The issue of skepticism

The issue of skepticism.  Skepticism is an issue, from a nuisance to a scourge, only when we turn it into dogma or become, as it were, convinced by it.  Then and only then does it show our neurosis in being unable or unfit to reside in the middle-ground of things; otherwise it is a healthy stance and expressive of health, not being content with the extremes of things or their obvious faces, but being willing to approach the shades and shadows of the painted, lighted world.

            Sure, a healthy skeptic may be uncertain even of what seems most guaranteed for him, but for him this lack of knowledge is more of a background than his sole atmosphere, a dim voice calling to him from behind the din of beliefs and insights with the reminder that the journey is not over yet and cannot reach its end as easily as in the rest of certainty.  So, does this mean that even in the face of death, that most assured thing to which we cannot but come, in the end, at some time or at any time, we may have anything like doubt?  Death comes, yes–an immortal skeptic seems as unlikely, as outlandish and as absurd as a squared circle: of that we can be certain, and we may laugh at the skeptic for his antics.  But he has the last laugh when he realizes, as we all must realize, in the face of the death all around us, that inescapable visitation, that he just cannot say he knows what is coming to him, or what is coming to any of us for that matter.  Death still has its background voice, its shades of colors on the backdrop of the corpse with its blatant presence.
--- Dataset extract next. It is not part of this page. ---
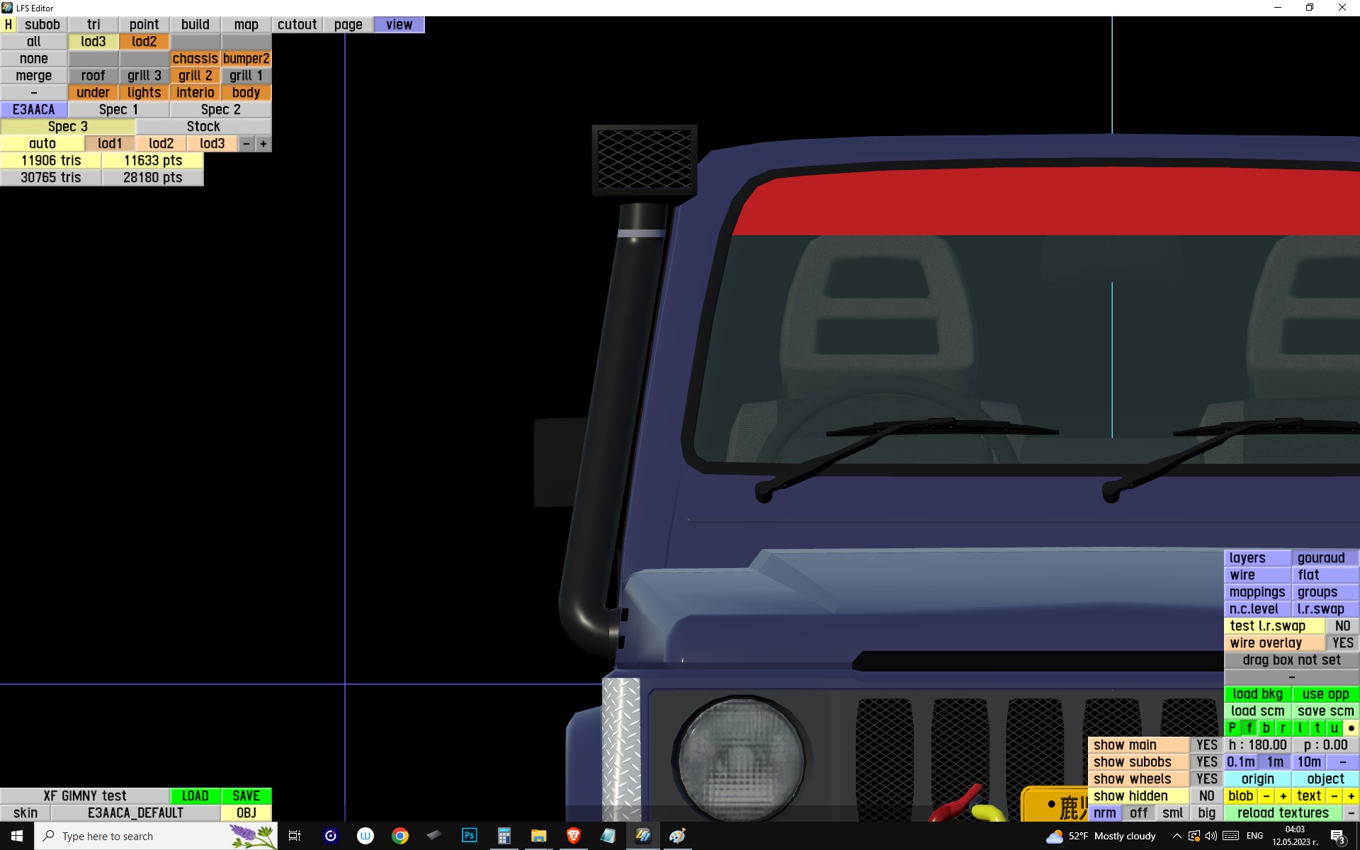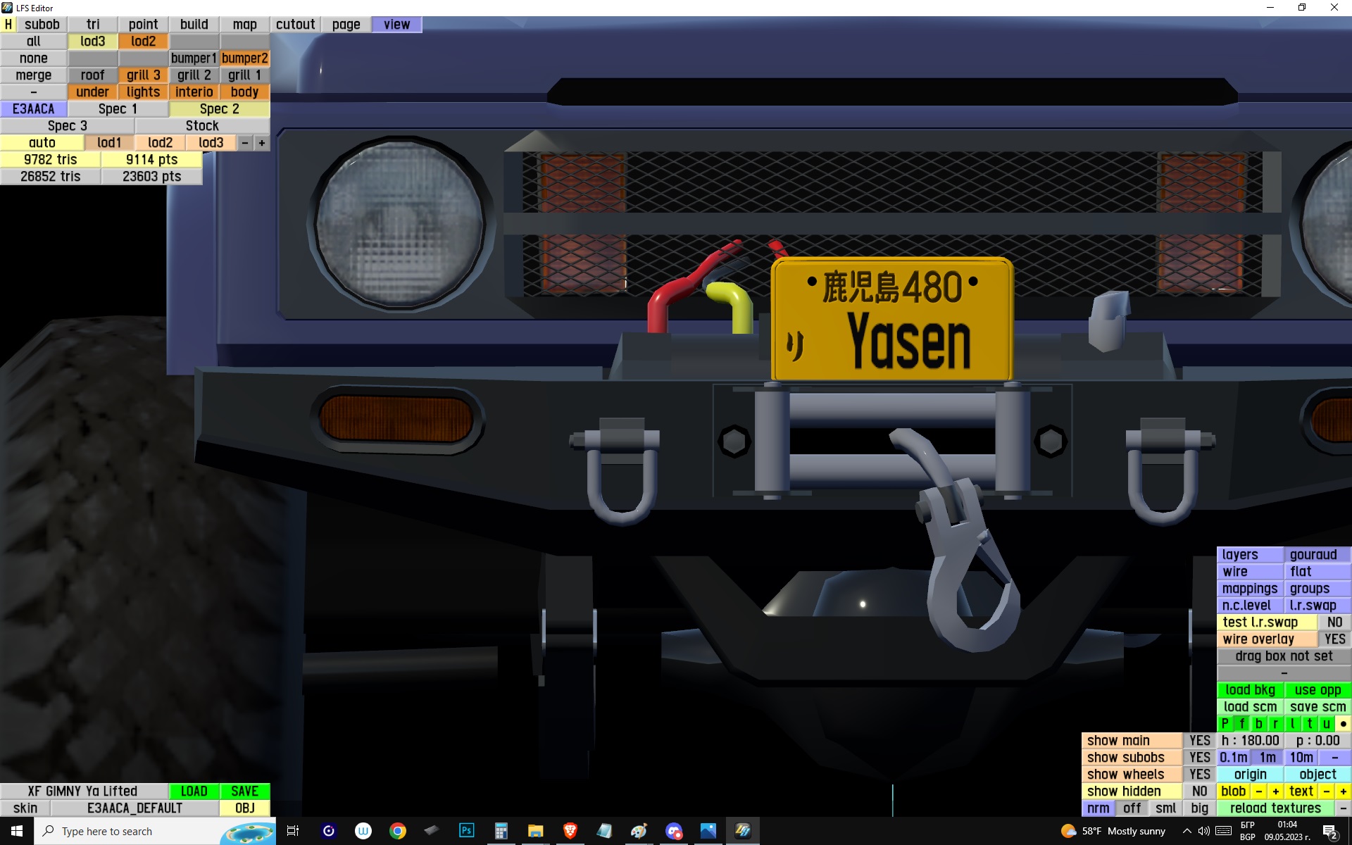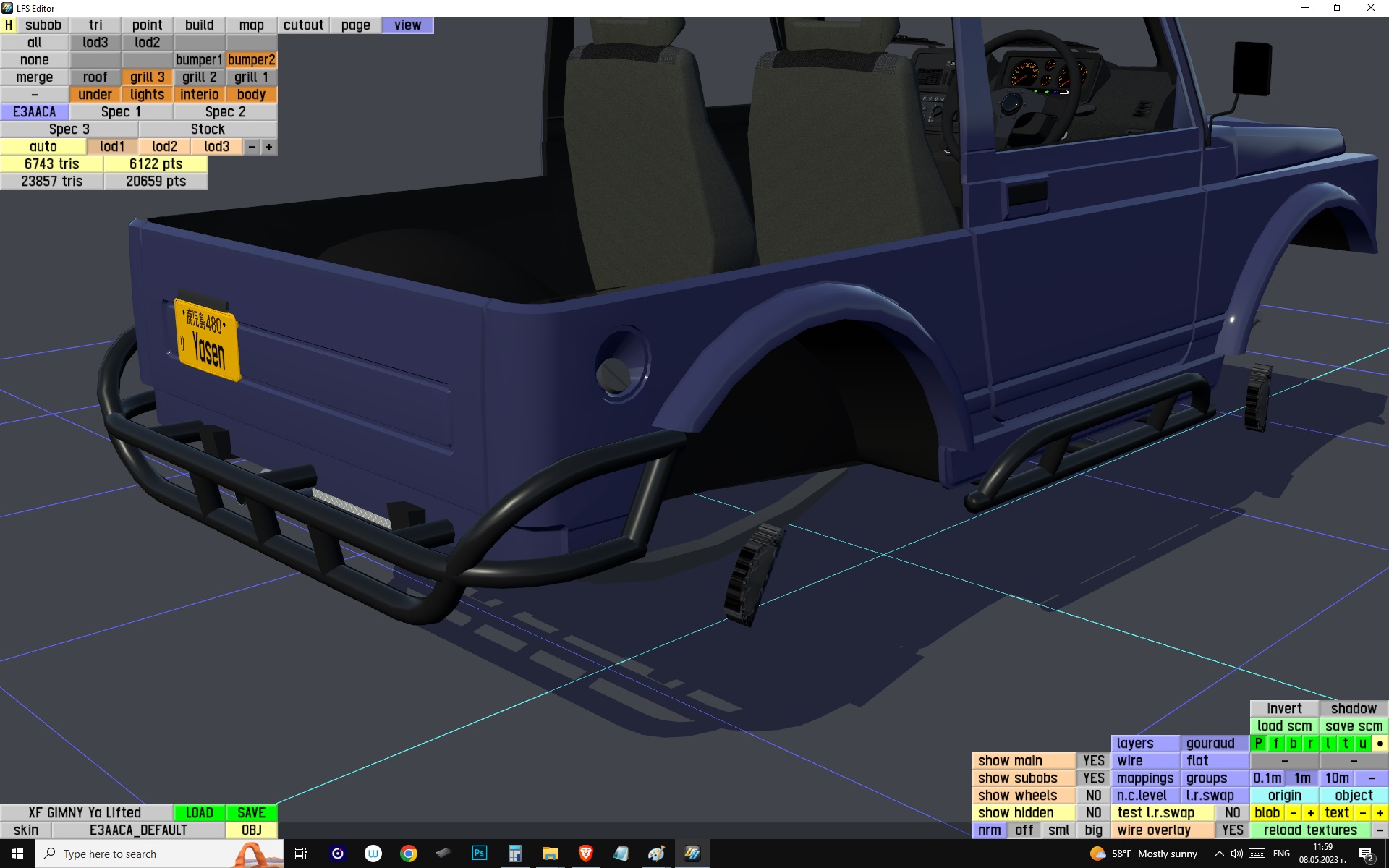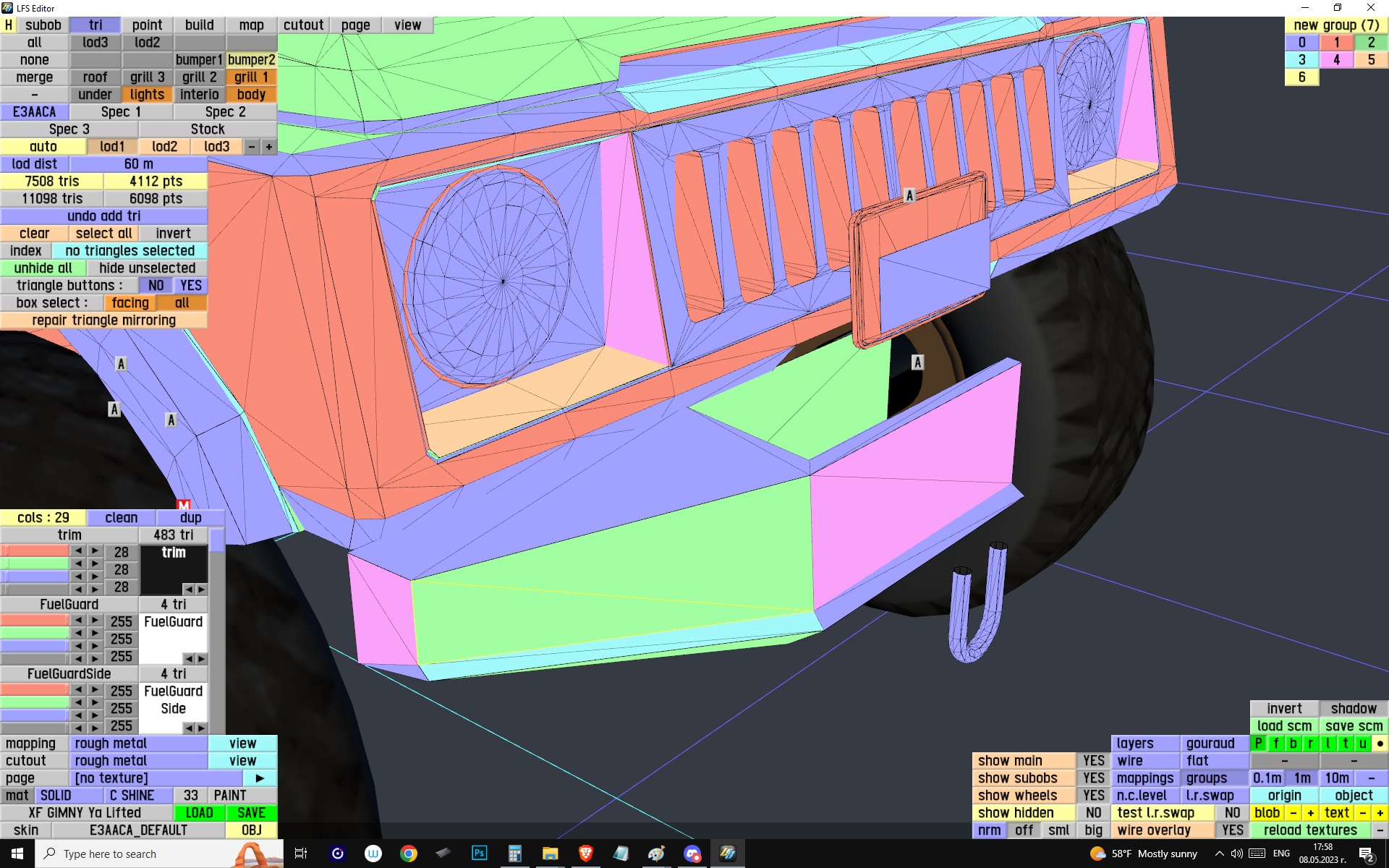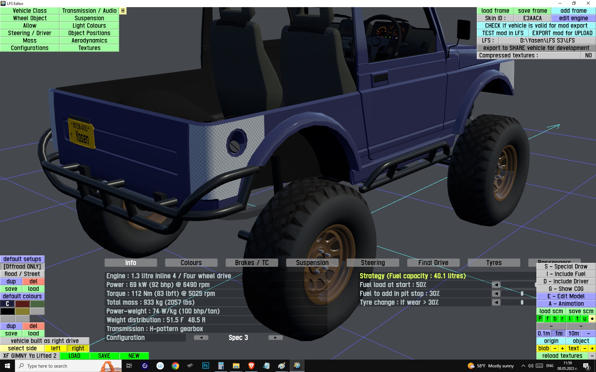 - New bumpers, sliders, winch, hooks, snorkel, roof rack, B pillar, soft top, inner and outside body roll cage, led bar, chassis mesh, exhaust, suspension mesh plus leaves attached as mudguards, spare tire mesh, skinnable spare tire vinyl cover, skinnable windshield banner

            What is it, then?  How are we to live, what should be our practice, when we are attuned to the call of skepsis and at all times?  What would be the difference in this constant attunement from the more global and explicit skepticism that is our possible bane and heady trouble?  The answer can only be, as it turns out in so many good things: it is more playful, this beautiful skepticism, and sees in our lack of a black and white world nothing to scorn, sees in the grays of life things to be cherished, really, like gray clouds against the blue-white of the sky, those storm clouds which are surely coming but, when they finally reach us and pour down with second- and rear-thoughts, will wash away the structures built by our certitude, even our noblest.  It plays in the rain and is the rain itself.

Where are we going?


  1. Thank You, Richard.

    Liked by 1 person

    1. Richard Q says:

      Thank you, Frank. This is one of the kindest short responses I can imagine to this piece, and I feel I know just how your gratitude is moving.